Objective: To assess interobserver variability in the diagnosis of anal cancer precursor lesions in the usual scenario of a service consisting of pathologists without previous experience in the diagnosis of these lesions.

Methods: Five hundred and two anal specimens taken from 372 HIV-positive and HIV-negative patients were analyzed at the Pathology Department of the Tropical Medicine Foundation of Amazonas by three pathologists with extensive experience in the diagnosis of infectious and tropical diseases, but without significant prior experience in the diagnosis of anal cancer precursor lesions. The individual readings of each pathologist were compared to the one following the consensus diagnosis in shared optical microscope by kappa statistics.

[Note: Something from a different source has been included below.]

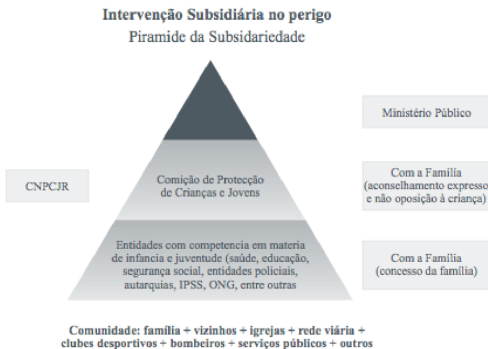
Figura: Intervenção subsidiária do perigo. Promoção e Protecção dos Direitos das Crianças. Guia de Orientações para os profissionais da acção social na abordagem de situações de perigo. 12

A Lei de Protecção de Crianças e Jovens em perigo traçou um Sistema baseado no princípio da subsidiariedade (Artigo 4.º, al. k LPCJP) ou sucessividade, como Dr.º Paulo Guerra defende, através de quatro níveis de intervenção: a família e comunidade (base da intervenção, corresponde ao meio onde a criança se encontra inserida), as Entidades com competência em matéria de infância e juventude, as Comissões de Protecção de Crianças e Jovens (ponto intermédio da intervenção), com base no consentimento das pessoas previstas no Artigo 9.º da LPCJP), e no topo da pirâmide os tribunais (Artigo 6.º). A intervenção deve seguir esta lógica progressiva de modo a que seja possível proteger-se a criança.

Results: The absolute agreement between each individual diagnosis and corresponding consensus was poor (kappa = -0.002). Considering only the positive or negative results for anal squamous intraepithelial lesions, we obtained a fair agreement between observers (kappa = 0.35), while the agreement was moderate when the histopathological findings were considered positive or negative for high-grade squamous intraepithelial lesion or cancer (kappa = 0.52).

Conclusion: The interobserver variability in histopathologic diagnosis of anal cancer and its precursor lesions among pathologists with little experience in the area is such that the diagnoses in this field and this scenario should always be a consensus.